Given that the image charge for this system is is q1 located a distance b from the centre of the sphere where $q_1 = -\frac{aq}{d},\,\,b = \frac{a^2}{d}$,
calculate an expression for the E field at point P on the surface of the sphere, directly above the centre of the sphere.

3. The attempt at a solution

So q is a distance $\sqrt{a^2 + d^2}$ from the centre. q1 is a distance $\sqrt{b^2 + a^2} = \sqrt{(a^4/d^2) + a^2}$away. Put these into the expression for potential and sum them together gives: $$V_T = V_q + V_{q_1} = \frac{q}{4 \pi \epsilon_o} \left[\frac{1}{\sqrt{a^2 +d^2}} - \frac{1}{\sqrt{a^2 + d^2}}\right] = 0$$

The E field will be perpendicular to the surface equipotential, and so will point in -y direction assuming positive y is defined vertically upwards. I know in general E = -∇V, but the above is zero (as expected). Should I instead just consider the total electric field using the value of b given?

This would give: $$E_T = \frac{q}{4 \pi \epsilon_o} \left[\frac{1}{a^2 +d^2}\underline{r} - \frac{1}{(a^4/d^2) + a^2}\underline{r'}\right] ,$$ where $\underline{r}$ is the direction of the E field vector (compts in both x and y) for q and similarly for $\underline{r'}$ for the E field direction by $q_1$.

I think my next step would be to write the vector r decomposed into x and y and then see that the x components of the sum of the two E field vectors should cancel, although I am not sure how to do this.

Last edited: Feb 9, 2013
2. Feb 9, 2013

### rude man

No, that would be d.

The wording of the problem being - er - problematical, are you just trying to find the potential at the point on the surface on a line between q and -q1? Maybe they want you to find the field (and so the potential) at every point on the surface of the sphere, or on any point along a great circle joined by that line ... hard to say.

Anyone else comment?

3. Feb 9, 2013

### SammyS

Staff Emeritus
There appear to be some contradictions in what you have written.

The statement of the problem says that
"…charge q is a distance d from the centre of an earthed conducting sphere of radius a…"​
and
"…the image charge for this system is q1 located a distance b from the centre of the sphere…" .​
Then at the beginning of your solution, you state
"So q is a distance $\sqrt{a^2 + d^2}$ from the centre. q1 is a distance $\sqrt{b^2 + a^2} = \sqrt{(a^4/d^2) + a^2}$away."​
Perhaps point P is located at a position on the surface of the sphere such that the two charges are those distances away from point P.

Regarding the use of the potential to find E at the surface, you haven't actually stated where the charges are located in your coordinate system, other than their location relative to the center (centre) of the sphere, which I assume is at the origin.

If the charges are located along the x-axis, and point P is on the y-axis, at y=a, then you could replace a with y in your expression for the potential, using that to find the y-component of E along the y-axis. (This expression for the potential is zero at y=a, but it's good for any y≥a .) This will not show directly that the other components of E are zero.

To get all the components of E from the potential, you need to find the potential at an arbitrary point external to the sphere.

4. Feb 9, 2013

### CAF123

Yes, that is right, I made a mistake.
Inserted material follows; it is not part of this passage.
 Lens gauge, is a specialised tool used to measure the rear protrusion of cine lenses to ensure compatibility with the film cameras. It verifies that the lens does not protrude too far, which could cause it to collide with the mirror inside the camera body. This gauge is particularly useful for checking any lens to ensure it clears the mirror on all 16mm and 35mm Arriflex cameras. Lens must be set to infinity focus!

The distances given are the distances of the charges from point P.

Yes, sorry should have made that clear.

Yes

I suppose I woudn't really need to show this - from the fact that E-field lines strike the conductor perpendicular, I know in advance that it will all be in -y.
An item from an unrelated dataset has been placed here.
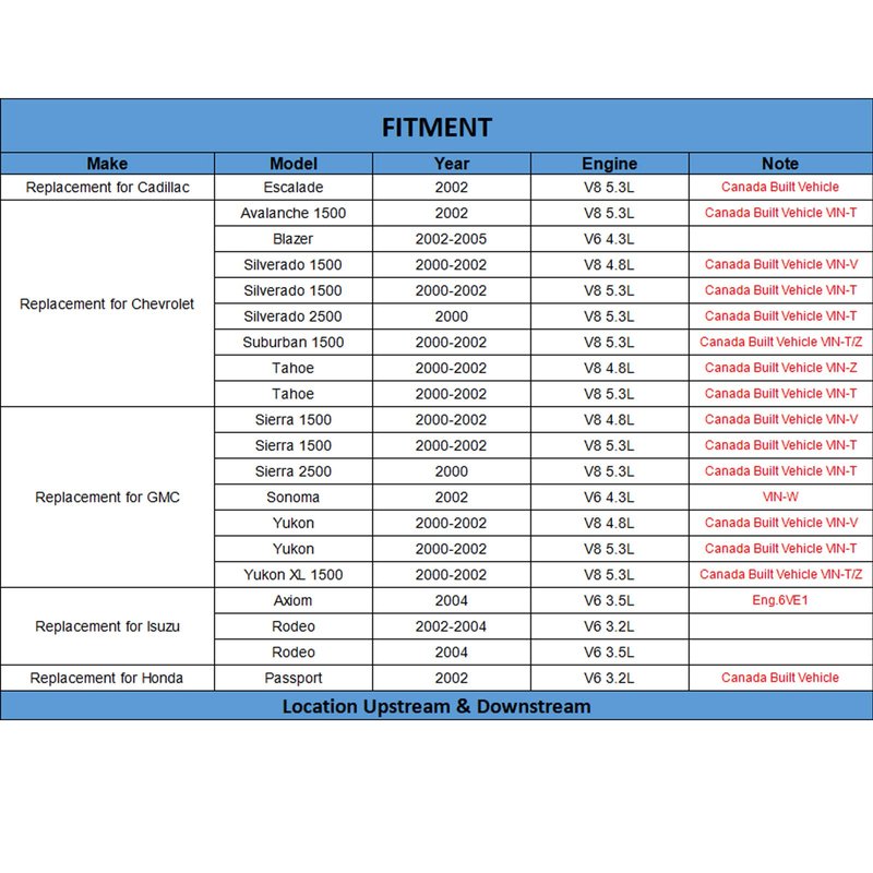 - Replacement for Chevrolet Avalanche 1500 2002 V8 5.3L / Silverado 1500/Tahoe 2000-2002 V8 5.3L / Silverado 2500 2000 V8 5.3L---Canada Built Vehicle VIN-T, Silverado 1500 2000-2002 V8 4.8L (Canada Built Vehicle VIN-V), Suburban 1500 2000-2002 V8 5.3L (Canada Built Vehicle VIN-T/Z), Tahoe 2000-2002 V8 4.8L (Canada Built Vehicle VIN-Z), Blazer 2002-2005 V6 4.3L

If I wanted to show that the x compts cancel at point P, how would this help?

5. Feb 9, 2013

### SammyS

Staff Emeritus
I suppose that it wouldn't help. As you stated, you know the E field is perpendicular the conductor at its surface, so all you need is the y-component to find the E field at point P.

6. Feb 10, 2013

### CAF123

So having attained my expression for the E field in my opening post, what should I do now?

7. Feb 10, 2013

### rude man

If we now all agree that:
xyz coord. system origin is at center of sphere
q sits at x = + d, d > a
-q' sits at x = -b, b < a
P sits at (0,a,0) i.e. on the +y axis at y = a

THEN we can continue.
So you can let
r1 = distance from q to P
r2 = distance from -q' to P
So V = kq/r1 - kq'/r2, k = 9e9 SI

So now E = - grad V
So you need to compute the partial derivatives inherent in grad V, or

grad V = ∂V/∂x i + ∂V/∂y j + ∂V/∂z k, where i, j, k = unit vectors.
So now you need to determine ∂(1/r1)/∂x etc. etc.
All just analytic geometry.

8. Feb 10, 2013

### CAF123

If r1 and r2 are distances of the charges to point P then putting these distances into the eqn obtained via Pythagoras gives zero. (the charges are placed such that V =0 on surface of sphere). So I don't have an expression to work with.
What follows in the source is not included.